The Lost Bearings

Edited by Louis Standish

After the memos issued? by the American Department of Justice that approved of the enhanced questioning methods used against the CIA inmates, a report from the Senatorial Commission of the Armed Forces published on Wednesday is once more causing a feeling of disgust. The report goes over the origins of those methods and explains how their use rapidly grew everywhere the Americans detained some people suspected of terrorism.

The concerned methods were derived from those the Chinese used during the Korean War. After September 11th, 2001, the epartment of Defense and the CIA requested from the team that was in charge of preparing the American soldiers for an eventual capture, that they train their members to utilize these enemy methods.

Even though they were in the first place reserved for al-Qaida leaders who were detained by the CIA in its secret prisons, these methods spread to Guantanamo, Afghanistan and Iraq, and have been used on a large scale until the Abu Ghraib scandal happened. The permission granted by then Secretary of Defense Donald Rumsfeld indeed implied that “physical or degrading pressures formed an appropriate treatment against the people who are detained by the United States. A kind of erosion of the standards followed, demanding for some prisoners to be treated humanely,” the commission concludes.

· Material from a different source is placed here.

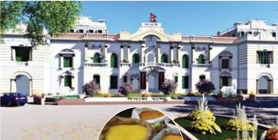
नारायण अर्याल/मध्याह्न काठमाडौं, ८ साउन ।

आर्थिक वर्ष २०७८/८९ को चौथो त्रैमासिक अवधिको अपेक्षित मुद्रास्फीति सर्वेक्षणको नतिजा सार्वजनिक गर्दै नेपाल राष्ट्र बैंकले आगामी ३ महिनामा मूल्यवृद्धि हुने जनाएको छ । नेपाल राष्ट्र बैंकले सार्वजनिक गरेको सर्वेक्षण तथ्यांकअनुसार नैर-खाद्य र सेवा तथा घरजग्गा (आवास) बाहेकका सम्पूर्ण उपभोग समूहहरूमा आगामी तीन महिनामा मूल्य वृद्धि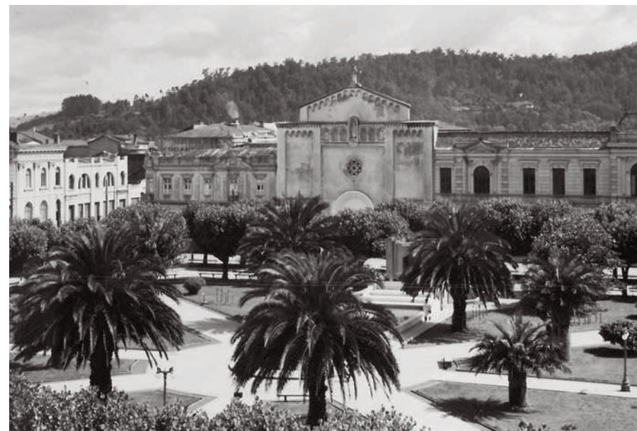
PLAZA ANÍBAL PINTO CON LA CATEDRAL DE TEMUCO EN LA DÉCADA DE 1950

The people who wondered if, regarding the terrorist threats, democracies shouldn’t resign themselves to use some forms of torture in the hope of obtaining some crucial pieces of information, those people now have an answer to their questions: once the feet are set on this slippery slope, trying to stop is hard. President Obama summed it up: “We have lost our moral bearings.”

Appealing to torture causes damages to democracies that are more important and more lasting than any piece of information they could get out of prisoners. It becomes especially impossible for them to denounce the acts of torture that are committed by other countries. For between the enhanced interrogations that took place in the American jails and the bad treatments that were inflicted in some dictatorial jails, it’s just a matter of degree, not a matter of nature.

In our country, the Harper government persists? in leaving the young Canadian Omar Khadr in his cell at Guantanamo. On Thursday, a judge working for the federal court gave the order in Ottawa to intercede with the American authorities so that they would allow Khadr’s repatriation. The governor declared yesterday that he is appealing the sentence. According to the Prime Minister, “the facts haven’t changed.”

Facts haven’t changed? Come on! Mr. Obama has announced Guantanamo’s closure and suspended the procedures against the base’s inmates. Washington admits that these inmates were tortured. And the federal court claims that Ottawa violates the Canadian Charter of the Rights as it doesn’t give a damn about it.

The attitude of the conservative government in this case remains incomprehensible and revolting. We can’t help asking ourselves if Mr. Harper himself hasn’t lost his moral bearings.